Smith paused and looked at our blank faces. Liane had taken to cutting a spiral in a returned homework paper.
"I see that you're not following," he said. "Let me start more slowly. It's just that there is so little time. You know that DNA can be viewed as a sequence of As, Cs, Ts, and Gs. It exists most commonly in the form of a double-helix, but because one side of the helix determines the order of the other side, we will pay attention only to one side and pretend we have just a single strand consisting of half of the helix. The sequence is read left to right from what is known as the 5' (read 5 prime) end towards the 3' end.
"Certain kinds of proteins called 'restriction enzymes' cut the sequence at particular points. In our case, we have three, which we'll call r1, r2, and r3. Restriction enzyme r1 will cut a sequence at CT and split C from T. Similarly, r2 will cut at AG and r3 will cut at TT. After one or more restriction enzymes perform cuts, the ministrands that result can be ordered by size. When they are small enough, the ministrands can be sequenced directly. Given the sizes after each cut and the sequences of the final ministrands, we must figure out the sequence of the whole strand.
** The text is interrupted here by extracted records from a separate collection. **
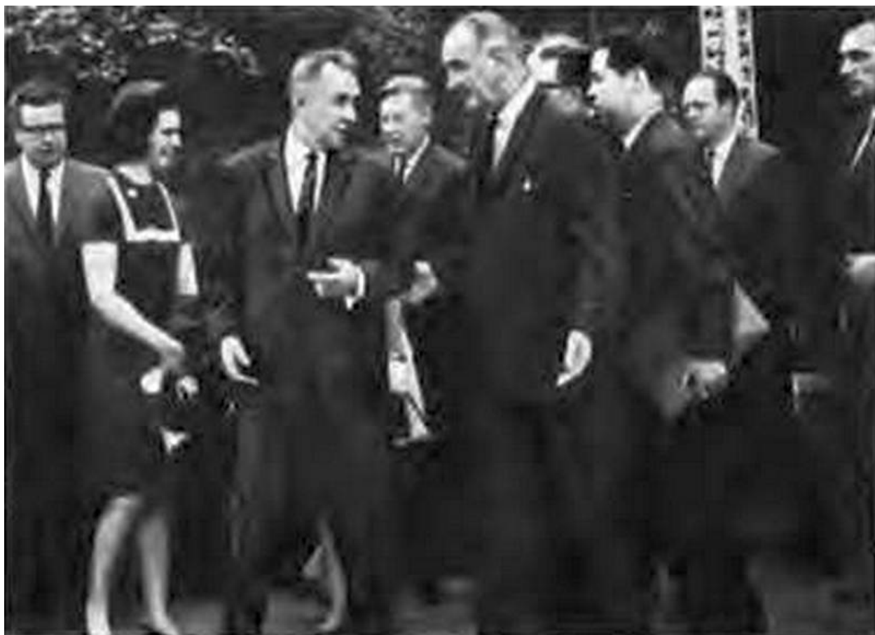
...и с президентом США Джонсоном в Гласборо.
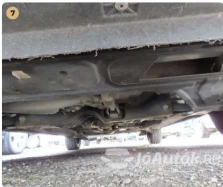
✓ nincs olajfolyás
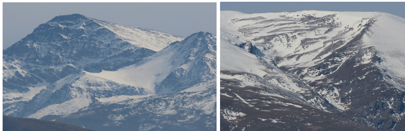
Cara norte Mulhacén y cabecera río Alhorí 25-2-25
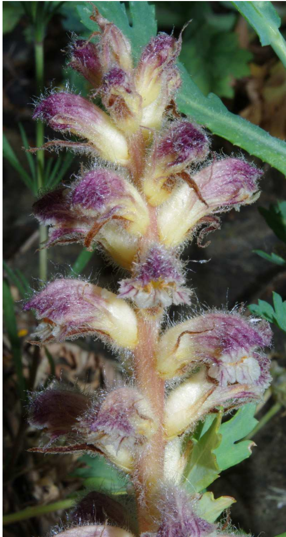
Fig. 2. Detalle de Orobanche pubescens en la misma población de la imagen anterior.

ecología nos permite pensar que la planta estará fuera de peligro de extinción.
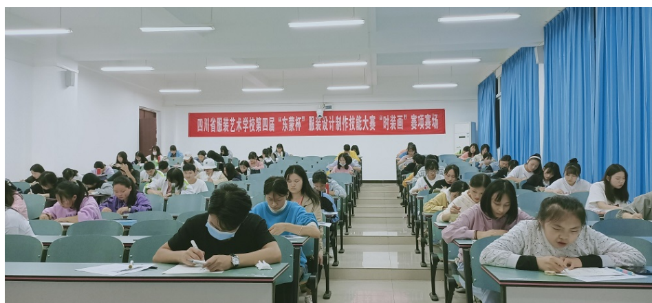
2020 年校企联合第四届“东蒙杯”服装设计制作学生技能大赛比赛现场

通过对全国职业院校技能大赛规程研究及服装专业教师训赛参赛经验总结，结合本专业实际教学情况。按全国职业院校技能大赛比赛标准，规范专业课程标准和细化学科考核评价内容。目前，完成 8 门专业核心课程和 5 门专业方向性课程课标编写和考核评价标准制定，并在实际教学中实施。实施过程由学校、企业、院校三方共同参与，学生在学校完成专业理论知识与专业技能学习后，通过校内“东蒙杯”服装设计与工艺专业技能大赛进行综合考核，再由校、企业、院校三方对考核结果进行评价，对考核暴露的问题进行梳理分析后，安排经比赛遴选的学生由专业老师带领到企业进行实践教学，解决比赛中暴露的问题，然后梳理学生企业教学实践中解决问题的方法途径，总结经验，再回校指导教学改革。形成了以赛导学，围绕国赛标准，从“教学改革—教学实施—比赛—三方评价—分析诊改—教学改革”的闭环。
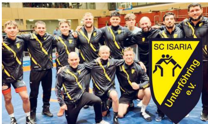
Die mitreißende Regionalligamannschaft.

Überraschung, Sensation oder schlicht das Glück des Tüchtigen? In jedem Fall dürfte der Auswärts-Sieg des SC Isaria gegen den SV Siegfried Hallbergmoos in die Vereinsgeschichte eingehen. Dank einer großartigen Leistung bezwang die „Erste“ der Unterföhringer den Absteiger aus der 2. Bundesliga am 7. Kampftag der Nike Regionalliga Bayern. Einen Sieg der Herren in Hallbergmoos hatte es seit Menschengedenken nicht gegeben. Entsprechend groß war die Freude der Isarianer, die im Laufe der Saison bislang zumindest etliche Rückschläge einstecken mussten.
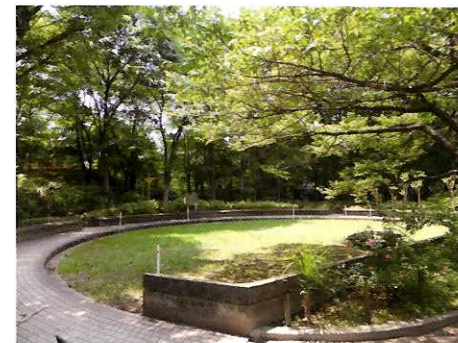
⑥ 区民の森 ☆円形の草地は、毎年「秋をさがそう中央公園！」で素敵なバンドのライブが催されます。

"Let me give you an example. Suppose we have the sequence CATTCTGTATA. If we cut it with r1 alone, we will split the sequence into CATTC and TGTATA; sizes 5 and 6. If we cut with r2 alone, no split will occur. If we cut with r3 alone, we will get CAT and TCTGTATA, of sizes 3 and 8. If we cut with both r1 and r3, we will get: CAT, TC, TGTATA.
"Of course, if the agent's data told us the sequences and their orders, our problem would be over. Unfortunately, all we know is their sizes and the contents of the final arrangement. So, revisiting the example, imagine that I told you only the following: Splitting with r1 gave sizes 5, 6; splitting with r2 gives no split splitting with r3 gives sizes 3 and 8 splitting with r1, r2, and r3 gives three cuts (which I'm deliberately writing in order of size, because that's the order in which all these results are given): TC, CAT, TGTATA. What would you do?"
Liane had stopped cutting spirals and was listening intently.
Smith continued, "To infer the order, note that none of our enzymes cuts at AT, AC, or CC junctions. So, TC can bind only to TGTATA (which is also consistent with the fact that r3 splits the sequence into lengths 3 and 8). Further, TGTATA must be on the right because it cannot bind to anything. This gives us a single possible ordering CAT, TC, TGTATA."
"Okay, that's clear," 12-year old Liane said, eyes sparkling. "Tell us what we need to know for your super-dangerous microvirus."
"Here is the data about the smaller sequence," Smith said. "The restriction enzymes cut as stated before (r1 cuts at CT, r2 cuts at AG, and r3 cuts at TT).
What Sizes of Cuts
Cuts (in order of size)
r1 2 2 2 7 9 11 17
r2 2 4 4 11 29
r3 1 49
r1 r2 2 2 2 2 2 2 4 7 7 9 11
r1 r3 1 2 2 2 6 9 11 17
r2 r3 1 2 4 4 10 29
"Finally, the last thing we know is the collection of sequences in order of size after being cut by all three restriction enzymes:
T
TC
TC
TC
TA
GA
GC
GATA
TCCATC
GTCCGTC
TCACACGGC
TCGCACACGGA
"Our question to you now is, 'What is the entire sequence in its natural order?' If you can't be completely precise, we understand, but the more you can tell us, the easier it will be for us to find an anti-body."
"What do the repeats, like the ones for TC, mean?" Liane asked.
"According to our agent, they mean that TC appears three separate times in the sequence," Smith replied.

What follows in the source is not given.